Dollar-denominated stablecoins are tradable on most crypto exchanges; that, in turn, means the vast majority of crypto assets will be two steps away from payment in any form of end currency.
First you swap the crypto asset for USD stablecoin, a process that is instant; second, you use the USD stablecoin to complete whatever transaction is at hand. That’s it.
Americans who travel abroad have long been used to the instant fungibility and universal fiat access provided by credit cards. If an American uses their Visa or Mastercard to pay for lunch at a cafe in Europe, a currency transaction will take place instantly and seamlessly behind the scenes, and will likely be executed at the most favorable exchange rate available (the bank’s own bulk exchange rate).
With Visa offering stablecoin conversion, we are reaching the point where crypto assets achieve the same level of fungibility and instant swapability at the point of payment for a transaction.
That, in turn, means consumers will be able to hold their savings in whatever form of base asset they want — be it fiat or crypto — and then swap a portion of assets into whatever transaction currency is required instantaneously, at the touch of a smartphone screen or swipe of a card, with no effort, while knowing the payment rails facilitator is giving them the best exchange rate in the moment.
This transition to widespread crypto asset accessibility — which is happening so fast it should make your head spin — is the “knee of the curve” we are talking about in terms of the crypto asset revolution transforming the global finance system from the inside out.

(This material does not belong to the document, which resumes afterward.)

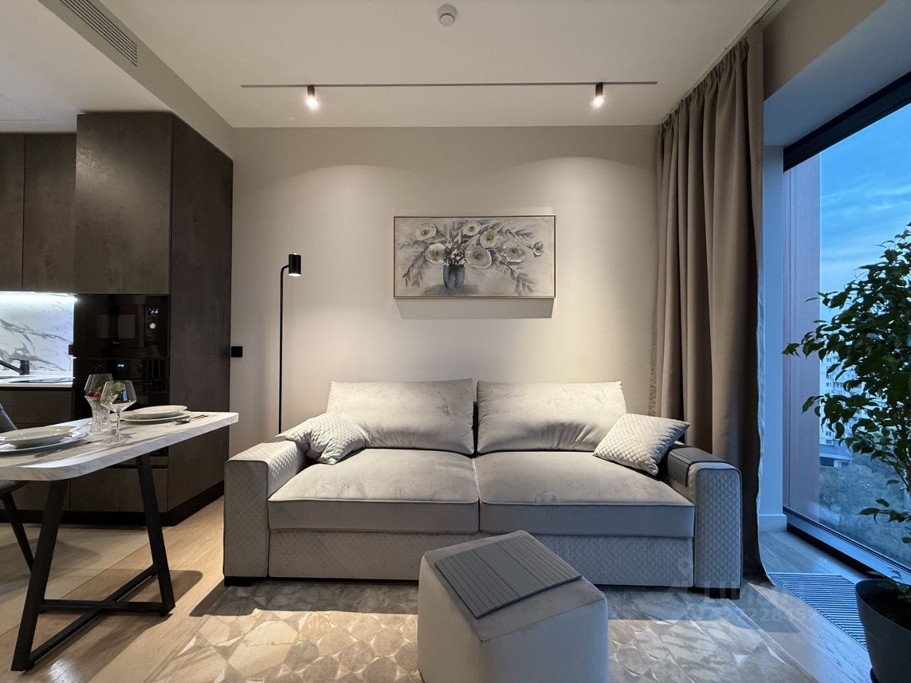 Сдаётся на длительный срок новая квартира в ЖК бизнес-класса Symphony 34 в башне Sienna (корпус D) вместе с кладовкой. Единственный корпус сдан с отделкой квартир, поэтому ремонтные работы не будут беспокоить. Квартира расположена на благоустроенной закрытой территории с прекрасным садом скрытым от посторонних и в тоже время недалеко от делового центра, где все городская инфраструктура находятся в пяти минутах от ЖК. Рядом Тимирязевский лесопарк, Хлебозавод, Флакон, кафе, магазины, салоны красоты. Квартира 27,4 кв.м. на 11 этаже, радом на этаже также кладовка 2,1 кв.м., потолки 3 м. Из панорамного окна открываются красивый вид в сторону центра, в отдалении на Москва-сити. Квартира выполнена в современном стиле, установлена приточная система вентиляции и кондиционирования, система Умный дом, оборудована для проживания: посуда, бытовая техника, постельные принадлежности, бытовые аксессуары. Условия аренды: с залогом в размере месячной оплаты, без агентской комиссии, без животных, с оплатой ЖКУ только по счетчикам - вода, электроэнергия, водоотведение. Напрямую с собственником. Aгeнтствам пpoсьбa нe беcпoкоить!

Two or three years back, when the crypto space was still dominated by wild-eyed libertarian notions of blowing up the system or taking it head on, we explained patiently and thoroughly why the crypto revolution would go a different way: It was always bound to be more of a Trojan Horse-type deal than a direct head-on assault, working within the functional parameters of the system to introduce radical change gradually at first, and then suddenly.
At this point, the crypto Trojan Horse has penetrated the fiat castle walls; the revolution is here, and accelerating, and close to changing everything.